Saturday, February 12, 2011

Playlist

Recorded

I took the week off from listening to recorded music in order to devote that time to work with Karen on a new song that Benjamin Boretz sent to us. We were under a deadline to get a recording to him by next week. This was a significant musical challenge for both of us, but I believe we were modestly successful. More concerning this project anon.

Live

2/9/2011
Composer Spotlight at Jack Straw Foundation, Seattle

The Nature (of) Sounds in the StormSound Cycle - S. Eric (Steve) Scribner

I have known Steve for a couple of years now and have grown to admire his tirelessness in getting people together to perpetrate music. He performs all over the area, but never grandstands. At present as he is in the Seattle new music scene, it's never about him, it's always about what he's up to.

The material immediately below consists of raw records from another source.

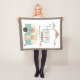 Cute digital art har texten "Lycklig Camper", Boho stil-pil, bergsilhuett och stil RV-reserv
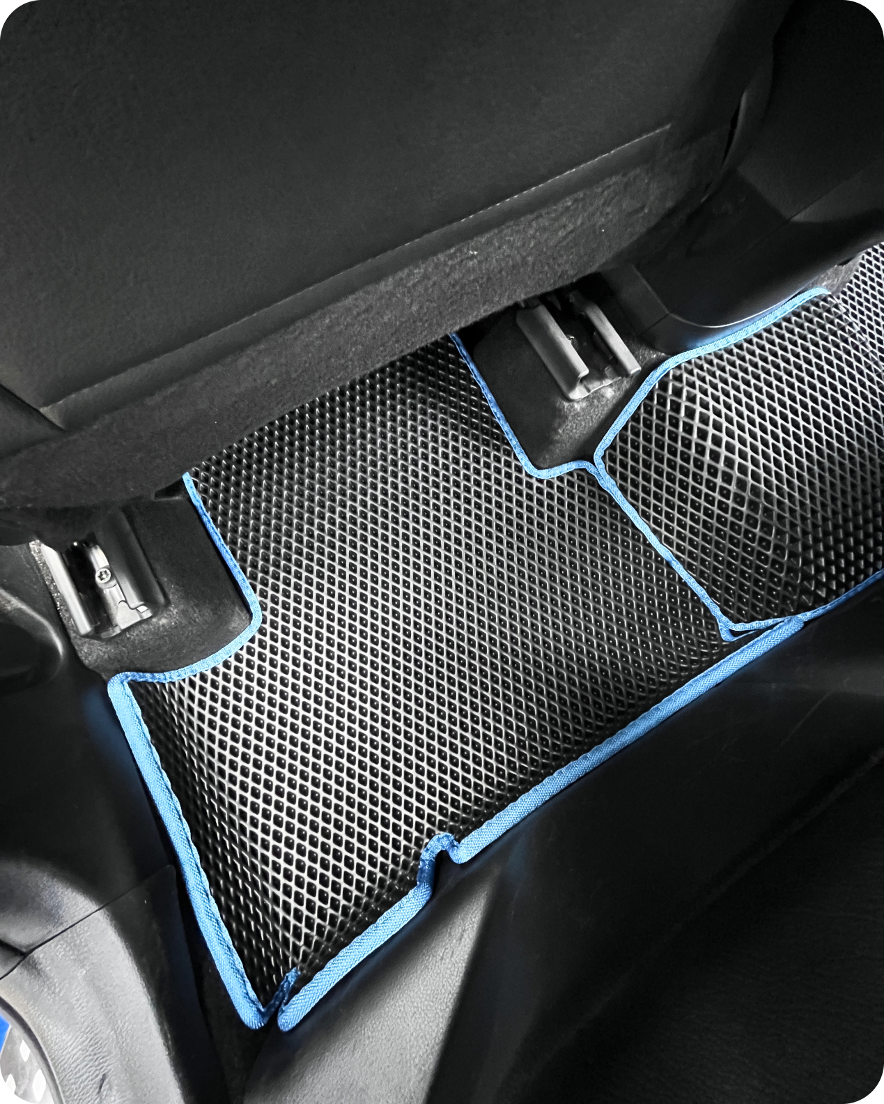Evamats-Matten decken bis zu 98 % des Bodens ab, daher kümmern wir uns um jedes Detail, sodass auch der hintere Tunnel abgedeckt ist und so sichergestellt wird, dass der Boden immer sauber ist.
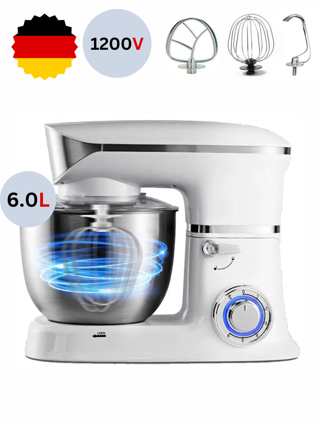 Planetar mikser, statsionar, ko'p funktsiyali, chashka 6 litr, 1200 Vt
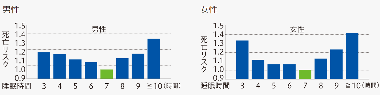 理由などは、まだ解明されていませんが、ホルモンバランスや睡眠時の呼吸などとの関連も示唆されています。睡眠は長くても短くてもいいわけではないという事です。
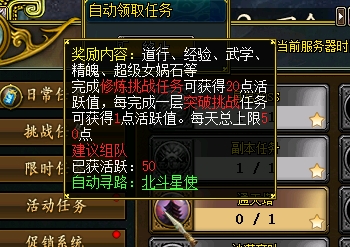 正常来说,通天塔,只要打的超过自身等级的层数,就已经算是完成了,今天不知道怎么的,他都已经显示获得了50点活跃了,还是未完成状态,不知道这是遇到BUG了,还是其他什么情况,道友们,你们遇到过这情况没?
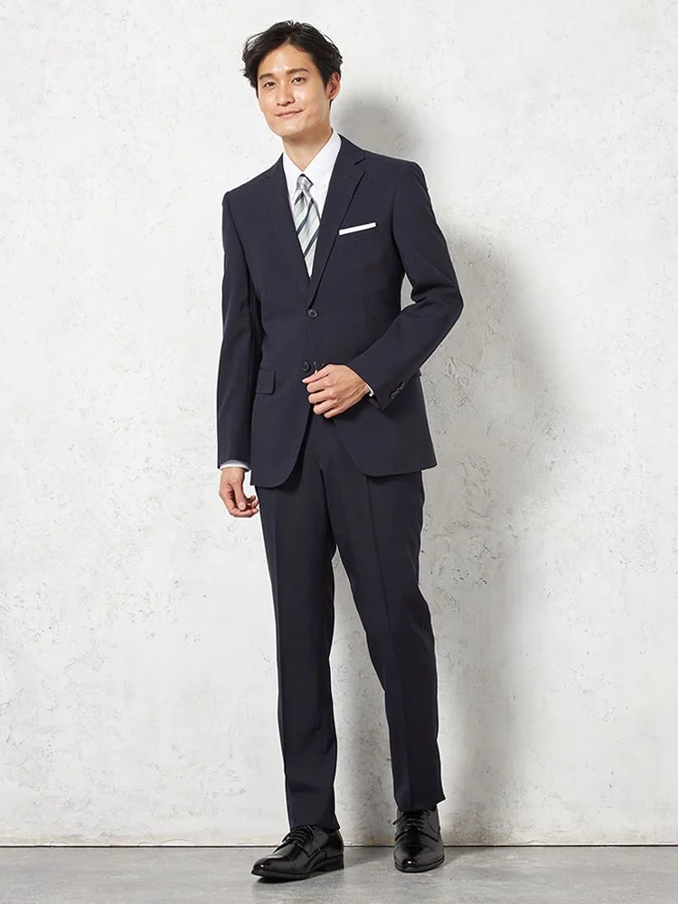 【即納】【WEB限定】スーツ2つボタンネイビーシャドウストライプ上下ウォッシャブル3シーズン対応
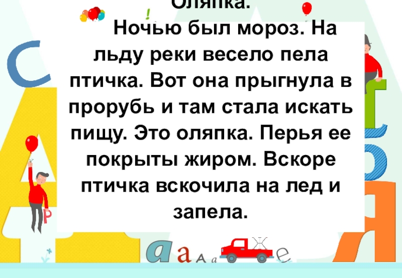 Слайд 14Оляпка.      Ночью был мороз. На льду реки весело пела птичка.
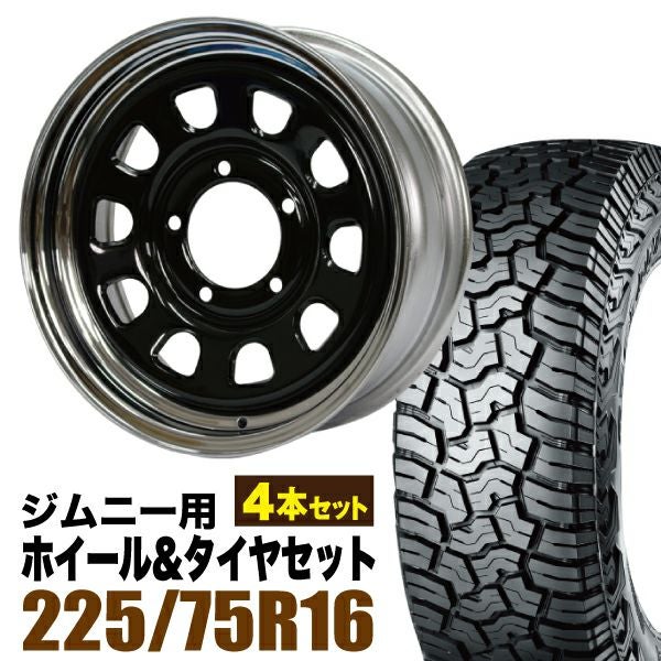 Roadster|ジムニー用タイヤホイールセット 【4本セット】鉄心 16インチ 6.0J +20 ブラック&クローム + YOKOHAMA GEOLANDAR X-AT (G016) LT225/75R16 103/100Q アウトラインホワイトレター
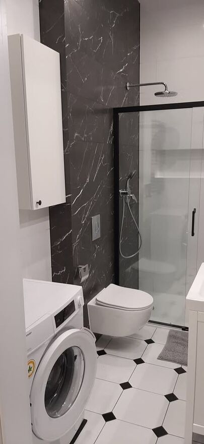 Kabina prysznicowa z drzwiami przesuwnymi,umywalka z szafką,toaleta,suszarka na ubrania,pralka SHARP,kosz na pranie,uchwyty na ręczniki, szafkami wiszące na kosmetyki,wysokie lustro,kinkiet oświetleniowy
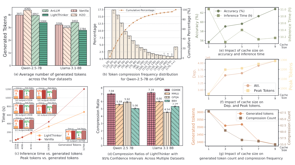 大型语言模型(LLMs)在复杂推理任务中表现出色,但它们的效率受到与生成长序列相关的大量内存和计算成本的阻碍。在本文中,我们提出了一种名为 LightThinker 的新方法,该方法使 LLMs 能够在推理过程中动态压缩中间思维。受到人类认知过程的启发,LightThinker 将冗长的思维步骤压缩为紧凑的表示形式,并丢弃原始推理链,从而显著减少存储在上下文窗口中的令牌数量。这是通过在数据构建时训练模型何时以及如何进行压缩,将隐藏状态映射到浓缩的主旨令牌,并创建专门的注意力掩码来实现的。此外,我们引入了依赖性(Dep)指标来量化压缩程度,通过测量生成过程中对历史令牌的依赖来衡量。在四个数据集和两种模型上的大量实验表明,LightThinker 减少了峰值内存使用量和推理时间,同时保持了有竞争力的准确性。我们的工作为在保持性能的前提下,提高 LLMs 在复杂推理任务中的效率提供了新的方向。

To introduce himself, Steve sat with his back to the audience, faced an unassuming array of small percussion and, without speaking, spoke in music. After a few lovely minutes he stood and, speaking, demonstrated how difficult it is to explain what probably can not be, exactly, explained. Although I found myself quibbling with the concepts he propounded, I soon realized that what he is attempting to do in music is to mirror a view of the cosmos that has never yielded easily to verbal formulation: that particular view in which the clearest expression is the paradox, and in which there are no useful concepts that aren't bald oxymora - in short, the stance of faith. Despite my quibbles, that is a position I must and do most heartily support.

And of course this standpoint can no more easily be successfully mirrored in musical terms than in verbal. But the attempt is heroic, and at 9+ hours the scale upon which he is attempting it is monumental. The artifacts of Steve's musical quest are full with a broad and moving poignancy. In so fully striving, where success is categorically unobtainable, the particulars of failure form an aesthetic image of intimate clarity.

Saturday, February 5, 2011

Playlist

Recorded

1/30/2011
Violin Concerto - Roger Sessions - Orchestre Philharmonique de l'Office de la Radio diffusion-Television Francais/Gunther Schuller/Paul Zukofsky

Robustly lyrical counterpoint.

Tango - Stravinsky - Noel Lee

tight as tight can make it

Mean To Me - Dizzy Gillespie & Orchestra/Sarah Vaughan

chromatically adept - a perfect picture of transparent subtlety.

Symphony #4 - Walter Piston - Seattle SO/Gerard Scwharz

The back ends of these movements sink down into some very interesting holes.

2/1/2011
The Sun Sessions - Elvis Presley

2/3/2/11
Perfidia - The Ventures
Love Is Strange (album) - Mickey & Sylvia

It is difficult to imagine a modern engineer allowing such a completely integrated sound, where every sound bleeds into every other. This pair was complete dynamite. The songs as songs vary in quality but the chemistry makes it impossible to really dislike anything about it.

Japan - Stockhausen

Live

1/29/2011
The Barber of Seville - Rossini - Seattle Opera/Dean Williamson - at McCaw Hall, Seattle

A wee bit of disclosure: Dean and I were high-school classmates, and used to play piano duets together (I remember mostly Ravel & Brahms). Since he is a foot or more taller than I am it was quite a sight.

A light farce, amazingly enjoyable after all these years. I had forgotten how few women's voices there are in the show. It portrays a society of men, in which women must scheme like the dickens to get what they want. This subversion is shared with Le Nozze de Figaro, although that story has subversion to spare.